Этих ничто не берет, думал он. Повышаются и падают акции, люди слоняются без дела или работают, а им все нипочем. Ему становилось тягостно здесь. Он попросил у Аликса игральные кости, и они кинули, кому платить за выпивку.
- Надолго сюда, мистер Уэйлс?
- Дня на четыре, проведать дочь.
- О-о! Так у вас есть дочка?
Снаружи, сквозь тихий дождик, дымно мерцали вывески, огненно-красные, газово-синие, призрачно-зеленые. Вечерело, и улицы были в движении; светились бистро. На углу бульвара Капуцинов он взял такси. Мимо, розоватая, величественная, проплыла площадь Согласия, за нею логическим рубежом легла Сена, и на Чарли внезапным нестоличным уютом повеяло с левого берега.
Он велел шоферу ехать на авеню Опера, хотя это был крюк. Просто хотелось увидеть, как сизые сумерки затягивают пышный фасад, и в клаксонах такси, бессчетно повторяющих начальные такты "La Plus que Lente"22, услышать трубы Второй империи. У книжной лавки Брентано запирали железную решетку, у Дюваля, за чинно подстриженными кустиками живой изгороди, уже обедали. Чарли ни разу не приводилось в Париже есть в настоящем дешевом ресторане. Обед из пяти блюд, и с вином - четыре франка пятьдесят сантимов, то есть восемнадцать центов. Почему-то сейчас он пожалел об этом.
Переехали на левый берег, и, как всегда, окунаясь в его неожиданный провинциальный уют, Чарли думал: я своими руками сгубил для себя этот город. Не замечал, как, один за другим, уходят дни, а там оказалось, что пропало два года, и все пропало, и сам я пропал.
Ему было тридцать пять лет, и он был хорош собой. Глубокая поперечная морщина на лбу придавала сосредоточенность его живым ирландским чертам. Когда он позвонил на улице Палатин в дверь своих родственников, морщина обозначилась резче, брови сошлись к переносице; у него заныло под ложечкой.
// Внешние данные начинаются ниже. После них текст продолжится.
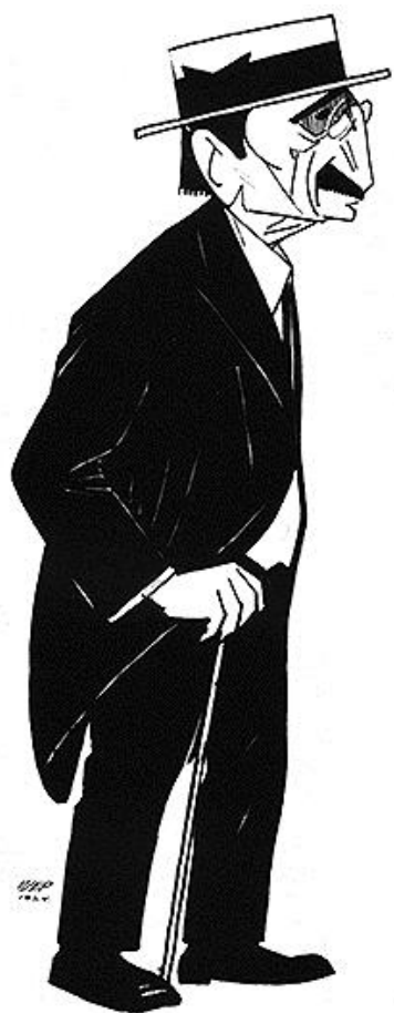
Пјер Крижанић: „Бранислав Нушић“
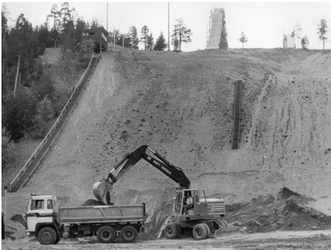
Arbeidet med å bygge ut Altabakken og gi den en ny profil til junior-NM i 1990 er påbegynt.
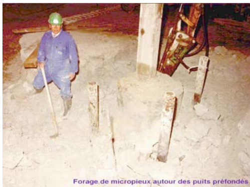
Forage de micropieux autour des puits profonds.
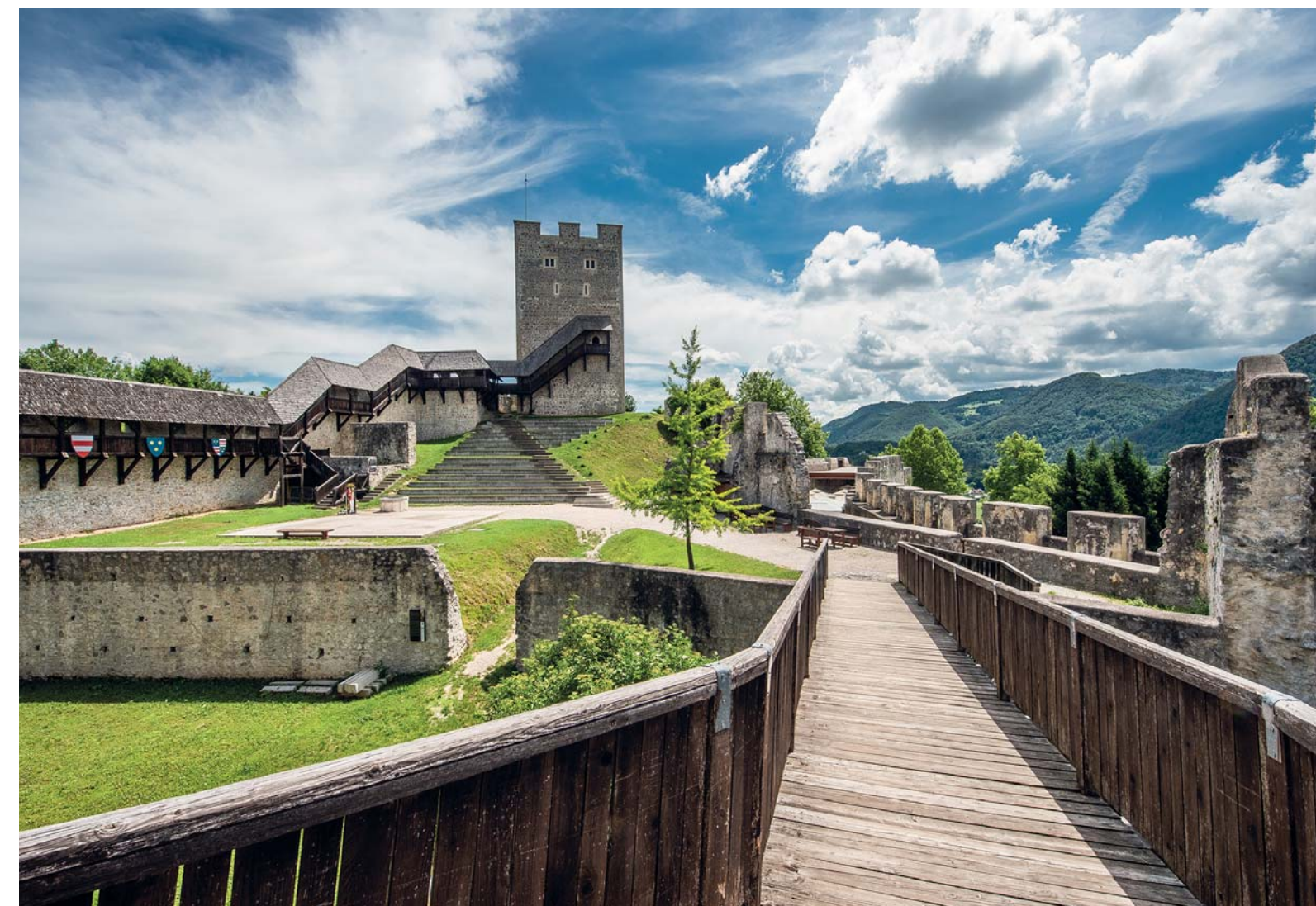
Il castello di Celje

Горничная отворила дверь, и прелестная девочка лет девяти выскочила из-за ее спины, взвизгнула: "Папа!" - и забилась, точно рыбка, повиснув у него на шее. Она за ухо пригнула к себе его голову и прижалась к его щеке.
- Старушенция моя, - сказал он.
- Ой, папа, папа, папочка!
Она потянула его в гостиную, где дожидалось все семейство - мальчик с девочкой, ровесники его дочери. свояченица, ее муж. Он поздоровался с Марион обдуманно ровным голосом, без неприязни, но и без наигранной радости, она отозвалась откровенно кислым тоном и тут же перевела взгляд на его ребенка, стирая с лица неистребимую отчужденность. Мужчины дружески поздоровались за руку, и ладонь Линкольна Питерса мимоходом опустилась Чарли на плечо.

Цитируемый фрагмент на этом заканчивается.